[INFORMATION GIVEN]
┌──

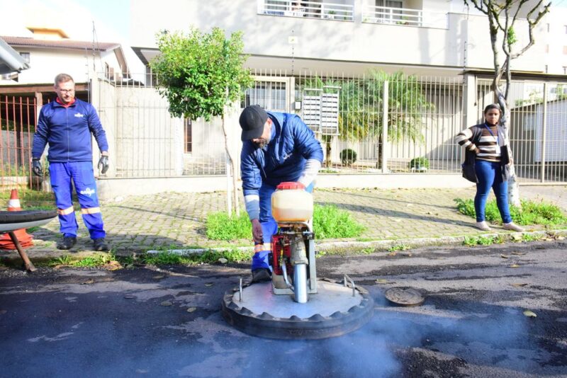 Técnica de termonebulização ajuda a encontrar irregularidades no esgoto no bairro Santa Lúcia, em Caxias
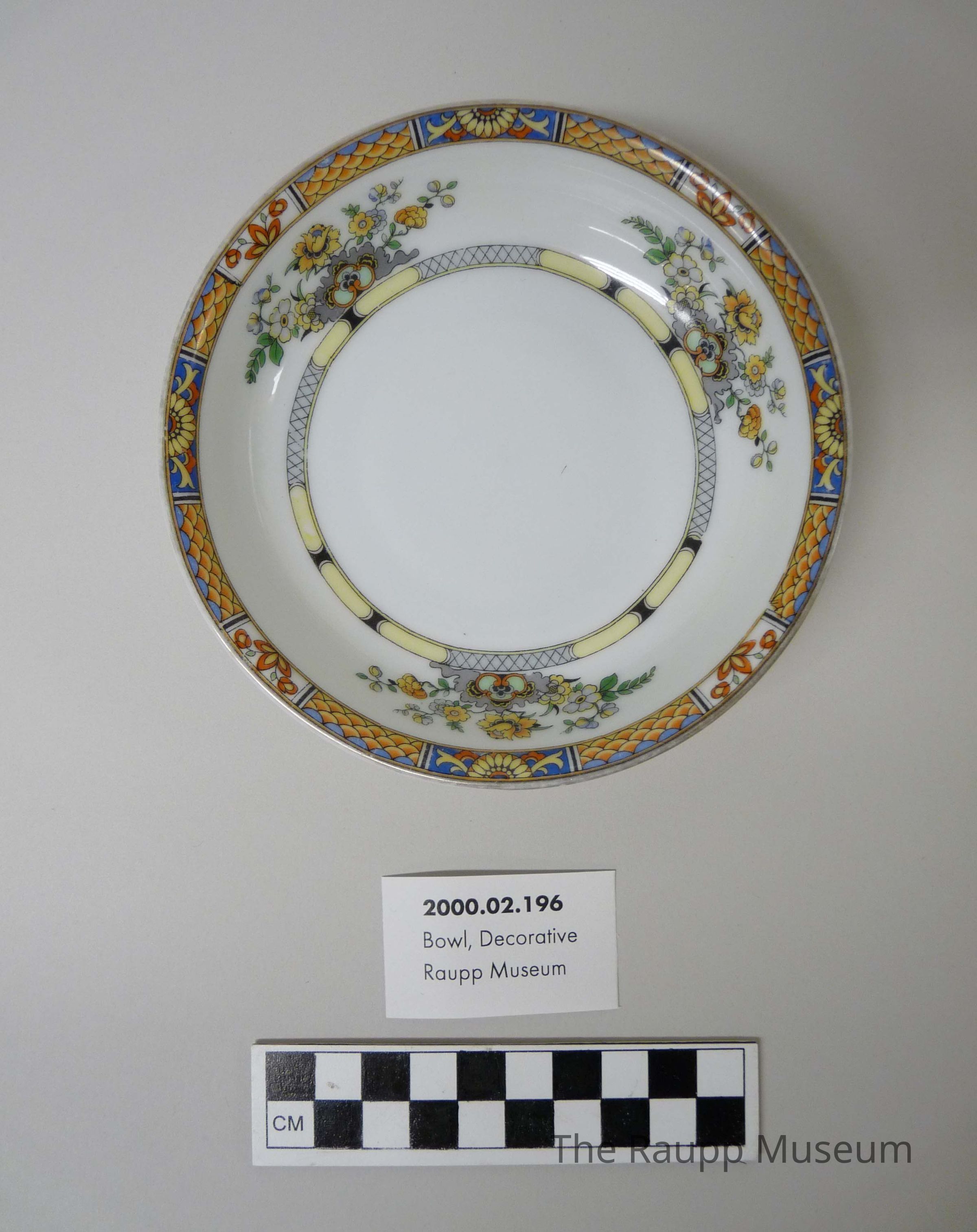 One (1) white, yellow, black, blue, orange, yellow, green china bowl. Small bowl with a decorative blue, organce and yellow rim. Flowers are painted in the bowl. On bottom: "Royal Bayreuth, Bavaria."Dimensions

└──
┌──

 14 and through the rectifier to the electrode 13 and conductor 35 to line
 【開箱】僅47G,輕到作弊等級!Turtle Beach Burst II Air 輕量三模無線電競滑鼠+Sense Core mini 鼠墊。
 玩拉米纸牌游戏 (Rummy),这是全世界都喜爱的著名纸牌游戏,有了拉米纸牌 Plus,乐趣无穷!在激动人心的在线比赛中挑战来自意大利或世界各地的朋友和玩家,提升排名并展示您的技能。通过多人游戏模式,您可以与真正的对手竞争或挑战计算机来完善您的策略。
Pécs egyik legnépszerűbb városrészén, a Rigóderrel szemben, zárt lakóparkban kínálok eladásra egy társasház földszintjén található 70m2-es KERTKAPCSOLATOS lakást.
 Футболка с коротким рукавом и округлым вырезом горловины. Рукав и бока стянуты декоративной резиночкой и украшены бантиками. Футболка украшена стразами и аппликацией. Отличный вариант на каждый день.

└──

Could you transcribe exactly the entries above, but only the lines from the one with "Técnica de termonebulização" through the one with "One (1) white, yellow, black, blue, orange, yellow, green", and without pictures?

[REPLY TO THE EXERCISE]
 Técnica de termonebulização ajuda a encontrar irregularidades no esgoto no bairro Santa Lúcia, em Caxias
 One (1) white, yellow, black, blue, orange, yellow, green china bowl. Small bowl with a decorative blue, organce and yellow rim. Flowers are painted in the bowl. On bottom: "Royal Bayreuth, Bavaria."Dimensions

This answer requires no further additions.